Rostami Zahra, Mukund Kavitha, Masnadi-Shirazi Maryam, Subramaniam Shankar
Department of Computer Science and Engineering, University of California San Diego, San Diego, California, United States of America.
Department of Bioengineering, University of California San Diego, San Diego, California, United States of America.
PLoS One. 2025 Jul 23;20(7):e0327773. doi: 10.1371/journal.pone.0327773. eCollection 2025.
Heterogeneity of breast cancer poses several challenges for detection and treatment. With next-generation sequencing, we can now map the transcriptional profile of each patient's breast tissue, which has the potential for identifying and characterizing cancer subtypes. However, the large dimensionality of this transcriptomic data and the heterogeneity between the molecular profiles of breast cancers poses a barrier to identifying minimal markers and mechanistic consequences.

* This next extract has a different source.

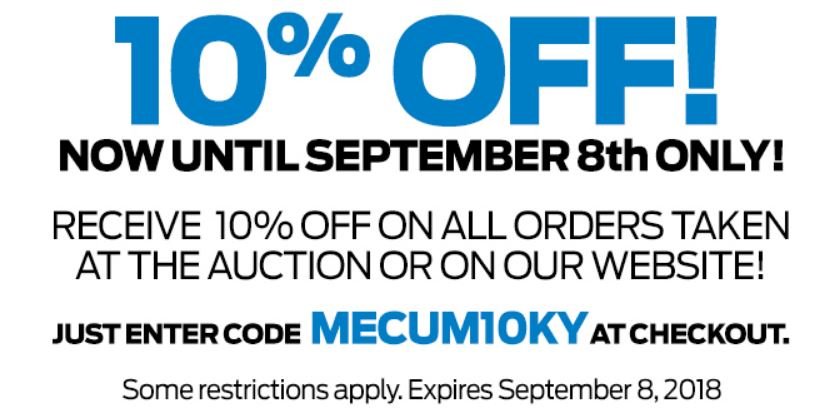 On top of that, they’re offering 10% off until 9/8/18 if you enter the promotion code MECUM10KY at checkout. Regardless of price, no one wants to be left stranded because a weather-cracked sidewall blew out. It’s not just a set of tires; it’s peace of mind and carefree cruising. And a screamin’ deal to boot!

In this study, we develop an autoencoder to identify a reduced set of gene markers that characterize the four major breast cancer subtypes with the accuracy of 82.38%. The reduced feature space created by our model captures the functional characteristics of each breast cancer subtype highlighting mechanisms that are unique to each subtype as well as those that are shared. Our high prediction accuracy shows that our markers can be valuable for breast cancer subtype detection and have the potential to provide insights into mechanisms associated with each subtype.
乳腺癌的异质性给检测和治疗带来了诸多挑战。借助下一代测序技术,我们现在能够绘制每位患者乳腺组织的转录图谱,这为识别和表征癌症亚型提供了可能。然而,这种转录组数据的高维度以及乳腺癌分子图谱之间的异质性,对识别最小标记物和机制后果构成了障碍。在本研究中,我们开发了一种自动编码器,以识别一组经过简化的基因标记物,这些标记物能够以82.38%的准确率表征四种主要的乳腺癌亚型。我们的模型所创建的简化特征空间捕捉到了每种乳腺癌亚型的功能特征,突出了各亚型独特的机制以及共享的机制。我们较高的预测准确率表明,我们的标记物对于乳腺癌亚型检测具有重要价值,并且有可能为与每种亚型相关的机制提供深入见解。